Now I've learned something over the years. When people like Sally, or our grieving church families, or that patient in the commercial suddenly find themselves overwhelmed by the powers and principalities of life, not one of them turns to God for the purpose of finding out about where Jesus was born, or what the third Beatitude is, or how to spell Deuteronomy. What people need in times like these is not religious knowledge, but the resurrection of our soul! We need divine inner resources so that we can find a way to take hold of the evil, and rise up above it, and make it through the day!
What is the Gospel of Mark about? It's about spirituality. Why, its story after story about Jesus touching peoples' souls, and making them alive to God! Mark is the first biography of our divine soulmate and how he is able to reach into the depths of peoples' lives, opening up whole new vistas of human possibility!
You see, our faith is not a set of rules or teachings. It's not religious living or even ethics. These things are the outward expressions of a deeper interior experience.

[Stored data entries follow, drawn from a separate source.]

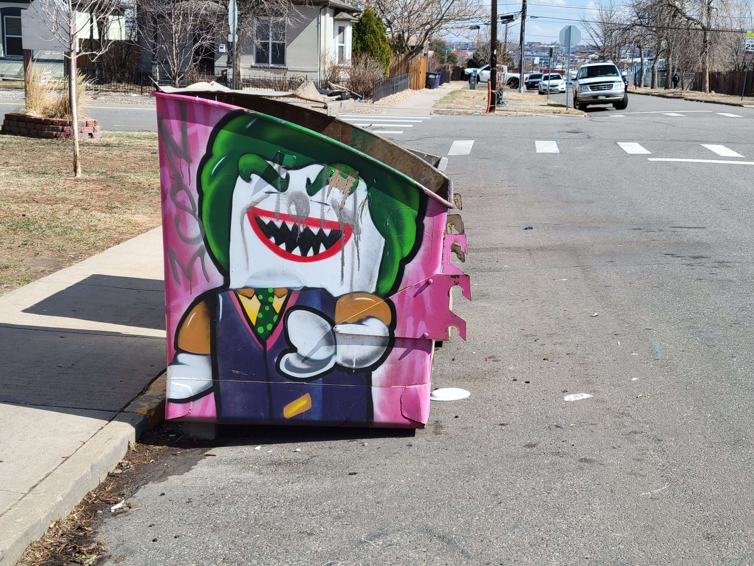 This photograph captures a pink metal dumpster situated at the corner of a residential street intersection. The side of the bin features a stylized, cartoonish depiction of the Joker with neon green hair, a white face, and a large, jagged red smile. The dumpster is placed on an asphalt patch next to a concrete sidewalk. In the background, a suburban street stretches into the distance, lined with houses, bare trees, and parked vehicles under a clear sky.
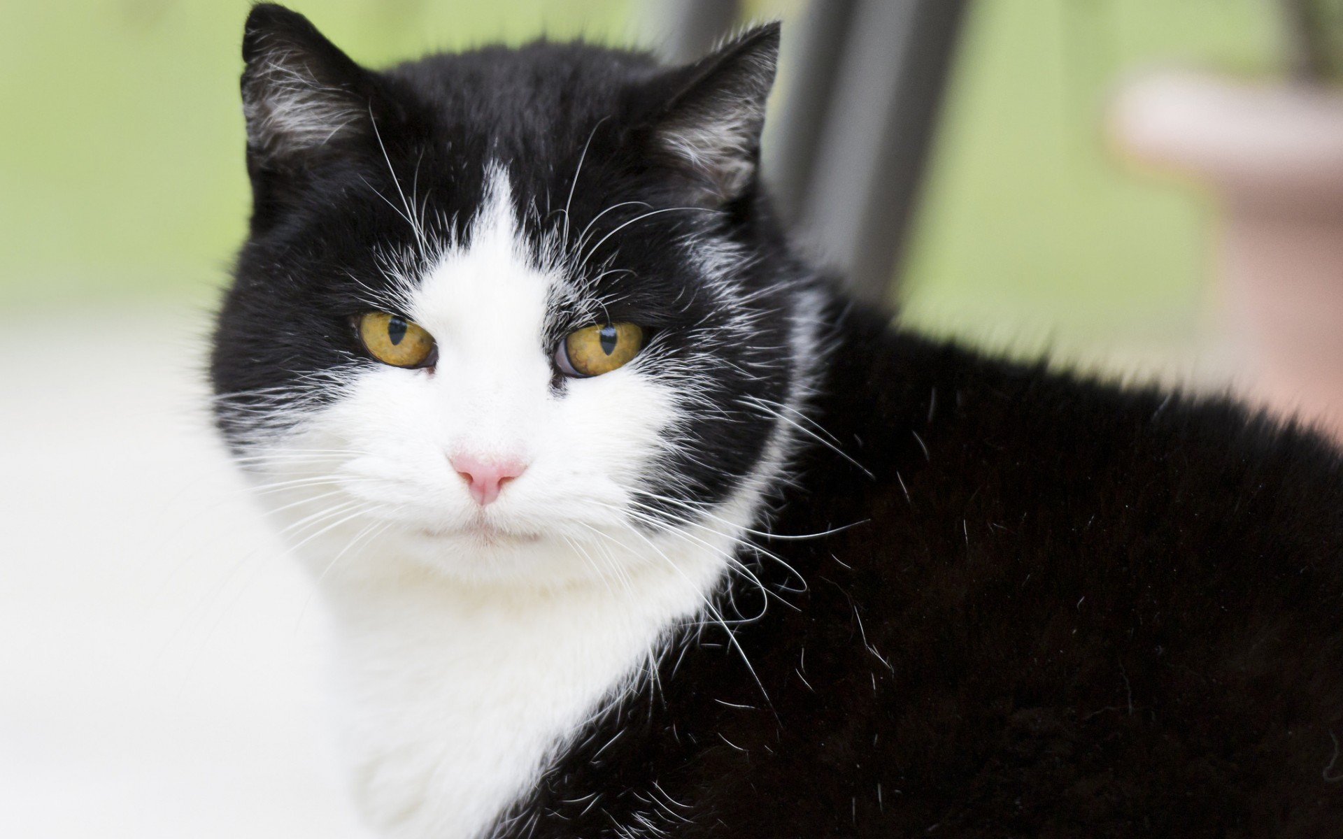 Description: A black and white cat sitting on a table looking at the camera with a serious look on its face.
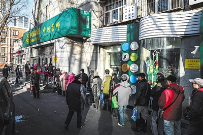 中國郵政工體北路郵政支局門口,市民排隊購買郵票。
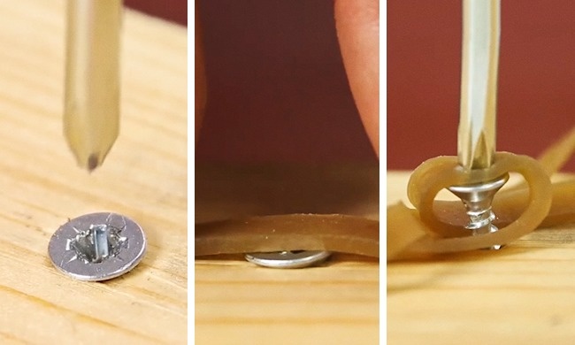 Викрутити гвинт з зірваним шліцом допоможе гумова стрічка. Її необхідно покласти на голівку саморіза або надіти на викрутку, а потім повільно викрутити непотрібний кріплення.
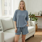 Meet your new go-to for effortless comfort 💫 The Casual Current Shorts Set features a raised rib short sleeve round-neck tee paired with matching shorts with a drawstring waist and patch pockets. Designed for relaxed days at home or casual outings, this easy two-piece delivers that laid-back, pulled-together look Zenana does so well.
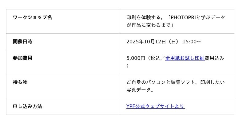 本ワークショップは、こうした「印刷の壁」を取り払い、すべての写真愛好家が自信を持って作品づくりに臨めるようになることを目指し、印刷のプロフェッショナルであるPHOTOPRIが企画しました。
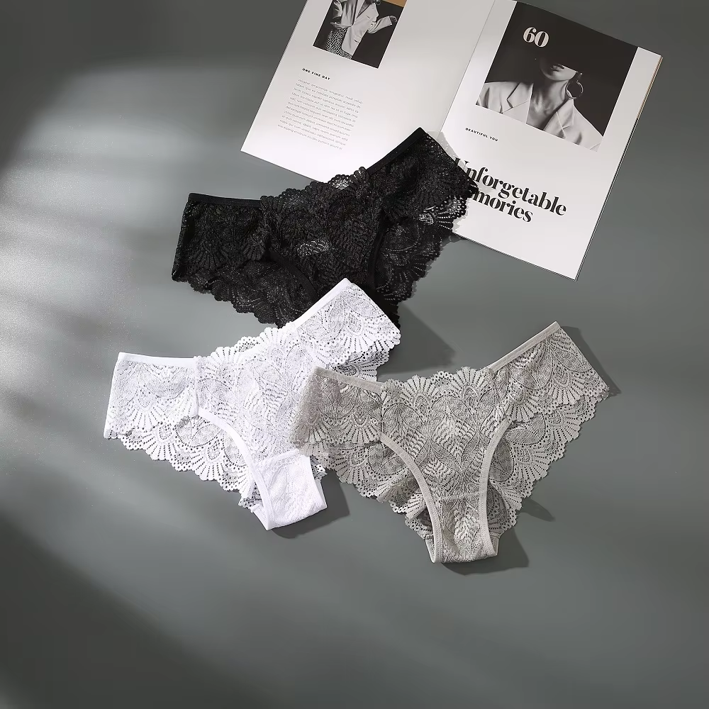 3pcs/lot Sexy Ladies Lace Panties Transparent Low-Rise Lingerie Female Underwear Hollow Out Underpants Comfortable Briefs
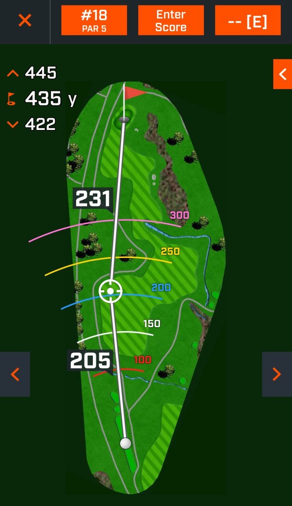 Four from the fairway. The photo does not do justice to how far up hill this is. See the little creek at the foot of the hill? Knowing I had a 200-yard approach to an uphill green that I don’t have, I tried to lay up but hit it flush right into the creek. Drop. Over club to make sure I don’t come back down the hill. Poor chip to the fringe. At least I only two-putted from there.
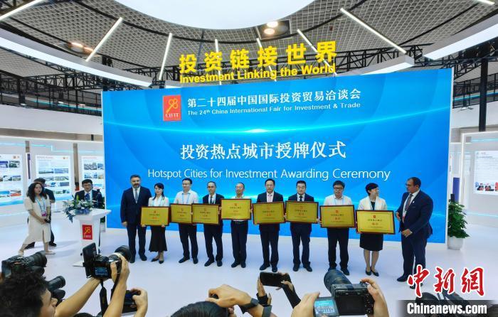 中新网厦门9月9日电 (记者 林永传)第二十四届中国国际投资贸易洽谈会《投资热点城市报告》9日在厦门发布,世界投资促进机构协会总干事伊斯梅尔·艾沙欣和阿联酋国际投资年会总干事瓦利德·法加尔为“投资热点城市”授牌。
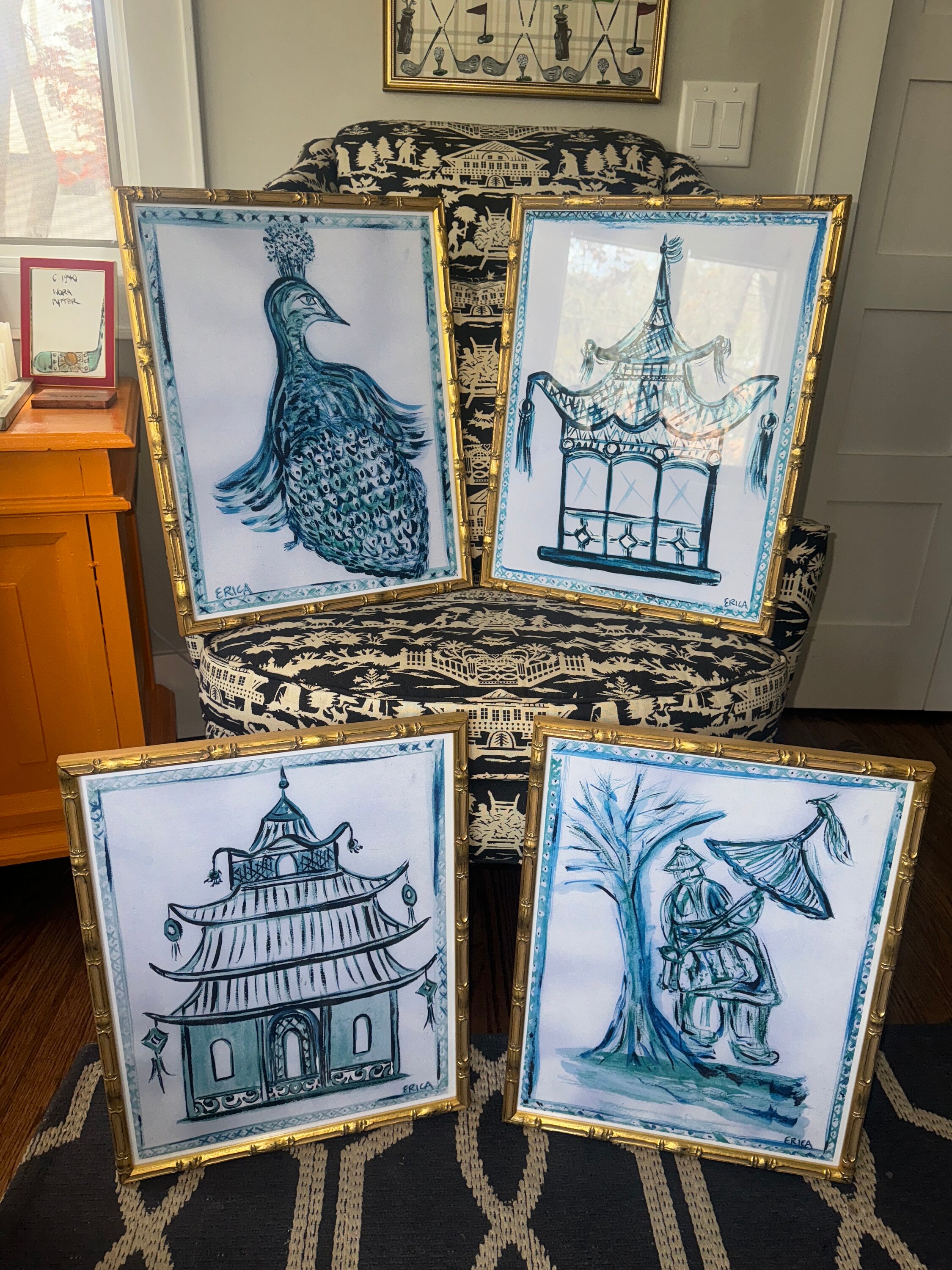 This listing is for the set of four fine art 130lb artist’s paper prints of pagodas on blue linear background border paper sized at 14x18; framed in these exquisite gilded gold leaf bamboo frames at 15x19x1.25. These come ready to hang with a single metal sawtooth hanger on the back and real glass fronts.
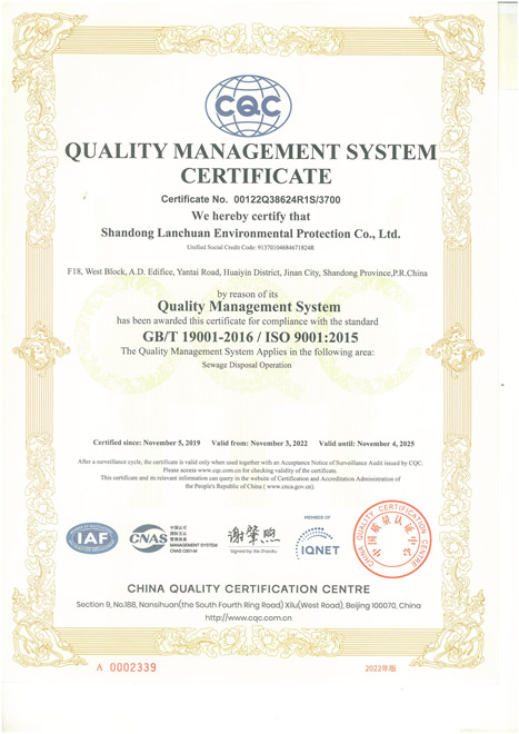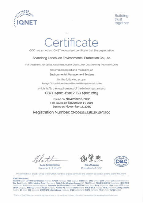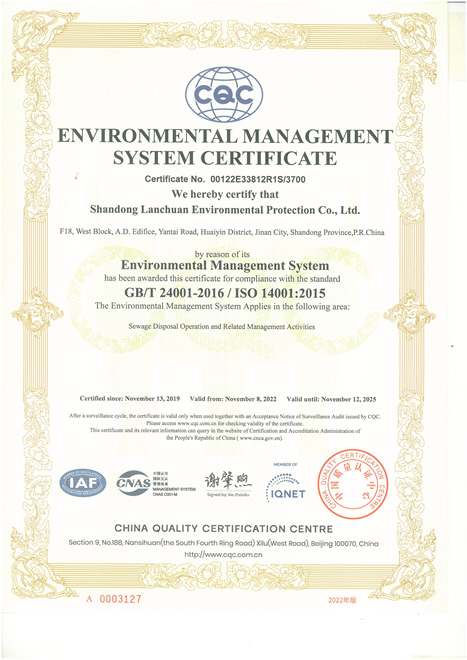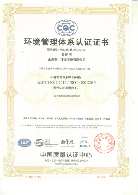 環(huán)境管理體系認(rèn)證證書

Our faith is about Jesus Christ bringing human souls to life!
What challenges are you facing as this new week begins? Where are the hurts? Where are you struggling? Where do you need healing? Where do you see the need for good to overcome evil? What relationships need to be strengthened or rebuilt? What would you do with the rest of your life if you knew that God would work through you, and you could not fail?
Like Martin Luther King, you and I are confronted by the realities of our lives and times.
Like Martin, like Mother Theresa, like the ordinary people whose stories are told on the pages of St. Mark, your greatest resource is your soul-made-alive-to-God through Jesus Christ.
Seek him. Focus on him. Listen to him. Trust him. Discover him as your soulmate.
You see, Christian spirituality begins with Christ, the whole Christ, and nothing but the Christ.
Today, begin a journey with him, and discover the undreamed of wonders of your soul!